The backbone fuses a triazole with a pyridine ring, then introduces a bromine at the six position—small, precise changes like this open the door to an array of downstream chemistry. We’ve spent years scaling up synthesis routes and tweaking conditions, building up experience batch after batch. Most people outside our sector might gloss over that single bromo substituent, but to us it means more than a line drawing; it signifies an electrophilic handle poised for Suzuki or Sonogashira couplings. The synthetic pathway hinges on achieving selectivity at this very spot, which demands real control over reaction parameters—one misplaced electron and the bromine ends up out of place.
Lab work can look clean in textbooks. At our site, things get more challenging. Raw material quality drifts, temperature controls are fickle, and trace moisture sneaks in even after drying cycles.
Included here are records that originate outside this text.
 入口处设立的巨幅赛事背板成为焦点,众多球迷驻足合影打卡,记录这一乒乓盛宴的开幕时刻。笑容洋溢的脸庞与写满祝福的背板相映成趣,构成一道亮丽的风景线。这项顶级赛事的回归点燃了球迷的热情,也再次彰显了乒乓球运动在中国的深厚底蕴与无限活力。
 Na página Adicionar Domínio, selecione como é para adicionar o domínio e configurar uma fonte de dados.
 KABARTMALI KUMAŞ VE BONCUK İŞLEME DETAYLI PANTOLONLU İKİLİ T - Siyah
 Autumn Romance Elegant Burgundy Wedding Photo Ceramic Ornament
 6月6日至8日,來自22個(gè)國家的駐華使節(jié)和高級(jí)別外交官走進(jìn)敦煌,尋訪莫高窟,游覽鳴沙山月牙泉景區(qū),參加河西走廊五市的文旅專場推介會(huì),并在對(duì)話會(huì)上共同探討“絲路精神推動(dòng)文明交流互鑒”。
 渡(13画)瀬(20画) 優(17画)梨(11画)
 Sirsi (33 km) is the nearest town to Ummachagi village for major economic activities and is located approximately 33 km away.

The triazolopyridine core calls for careful handling—an off-batch leaves more than a mess, it means hours of purification and lost yield. We monitor each stage: from forming the triazole with hydrazine derivatives, cyclizing under carefully managed acid catalysis, then making sure that the bromination lands precisely at carbon six, not at five or seven. Too aggressive with the electrophile and you get polysubstituted products; too mild and the conversion stalls.
Pharmacopoeial standards can specify >98% purity, but we’ve learned that application drives the real requirement. Early drug discovery teams searching for lead compounds push for ≥99.5% to reduce noise in biological assays. Material science partners sometimes opt for technical grade to economize on proof-of-concept runs. To hit the higher bar, we lean on repeated recrystallization and finer chromatographic cuts, sacrificing yield for that last tenth of a percent. Both routes require an experienced touch, since triazolopyridine by-products often elute close to the main compound. Ask the analytics team about debugging false-positive HPLC peaks—we’ve seen it all and built up protocols to catch impurities the moment they appear.
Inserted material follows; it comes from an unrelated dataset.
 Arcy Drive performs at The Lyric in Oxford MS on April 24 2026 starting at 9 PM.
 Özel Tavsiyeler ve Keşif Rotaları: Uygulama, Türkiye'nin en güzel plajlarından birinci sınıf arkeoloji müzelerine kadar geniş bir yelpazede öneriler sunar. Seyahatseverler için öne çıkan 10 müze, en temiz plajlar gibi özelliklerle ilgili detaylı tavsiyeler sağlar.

This molecule never stays put. In pharma, it serves as a bridge for cyclization reactions—libraries featuring triazolopyridine moieties hit a variety of CNS targets, kinase inhibitors, even anti-viral scaffolds. The bromine isn’t always a passenger: medicinal chemists swap it out for amines, alkynes, or thioethers during late-stage diversification. In agrochemical synthesis, researchers feed it into ring-opening strategies, teasing out unique herbicidal or fungicidal candidates. Our partners in photopolymer science have grafted this ring system into conjugated materials for UV-absorbing layers and OLED displays. One customer shared data showing improved device lifetimes by integrating this scaffold in emission layers—a reminder that inventive chemists see new value in core intermediates all the time.
Producing 6-bromo-[1,2,4]triazolo[4,3-a]pyridine at scale isn’t just a numbers game. Our team has lived the headaches of scale-up—foaming in the cyclization reactor, containment issues from volatile hydrazines, and loss of product on a technical filter that never quite drains to the bottom. Vendor specifications rarely capture these realities. We’ve upgraded raw solvent storage and moisture controls, and we retrofitted our glass-lined reactors for improved agitation profiles so solids don’t clump at the impeller. Trace iron can catalyze unwanted side reactions; we screen our feedstocks meticulously. On the purification side, our group designed a multi-stage crystallization train; the process chemistry team jokes that the first rule of purity is “Don’t be lazy on the wash.”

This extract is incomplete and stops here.